● Problem description
From the very first line of the data to the line containing "Enable or disable", retype everything exactly, leaving the pictures behind.

● Source material
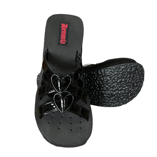 【DEMONIA】ハートバックルエナメルストラップ厚底サンダル-US7(23.5-24cm)
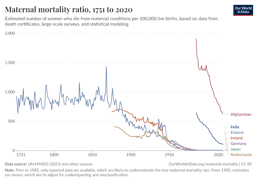 The decline of maternal mortality in Finland, for example, began in the middle of the 19th century and didn’t reach today’s low level more than a century later. In contrast, India and Afghanistan, for example, have achieved large declines much later, but in a shorter amount of time.
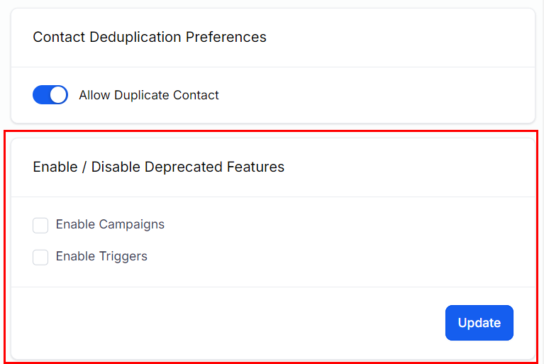Enable or disable features that have been phased out within this section. Currently, the features available in this list are Campaigns and Triggers since they have been replaced by Workflows.
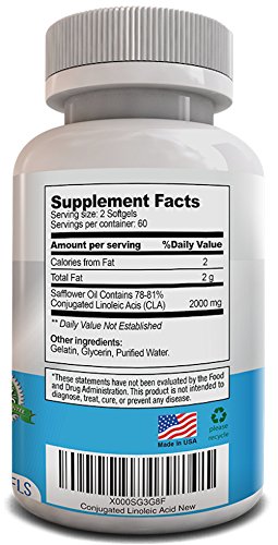 -. Feature : FAT LOSS - CLA has been clinically shown to aid in fat loss by increasing the body's metabolism.* / GAIN MUSCLE - Conjugated Linoleic Acid helps promote the growth of lean muscle mass and increases muscle retention.* / IMPROVE OVERALL HEALTH - CLA Safflower Oil Extract has been clinically shown to help support the immune system, cardiovascular health, bone health, healthy blood, cholesterol, proper insulin balance, food allergies, and reduce inflammation.* / USA MADE - Our plant derived CLA softgel dietary supplement is manufactured in the USA in an NSF/GMP certified facility, assuring you that your purchase meets strict standards for ingredient quality and safety. / 100% MONEY BACK GUARANTEE - When you order any of our products, you're protected by a 60 day, no-questions asked money back guarantee and world class customer support!

● Exercise output
 【DEMONIA】ハートバックルエナメルストラップ厚底サンダル-US7(23.5-24cm)
 The decline of maternal mortality in Finland, for example, began in the middle of the 19th century and didn’t reach today’s low level more than a century later. In contrast, India and Afghanistan, for example, have achieved large declines much later, but in a shorter amount of time.
Enable or disable features that have been phased out within this section. Currently, the features available in this list are Campaigns and Triggers since they have been replaced by Workflows.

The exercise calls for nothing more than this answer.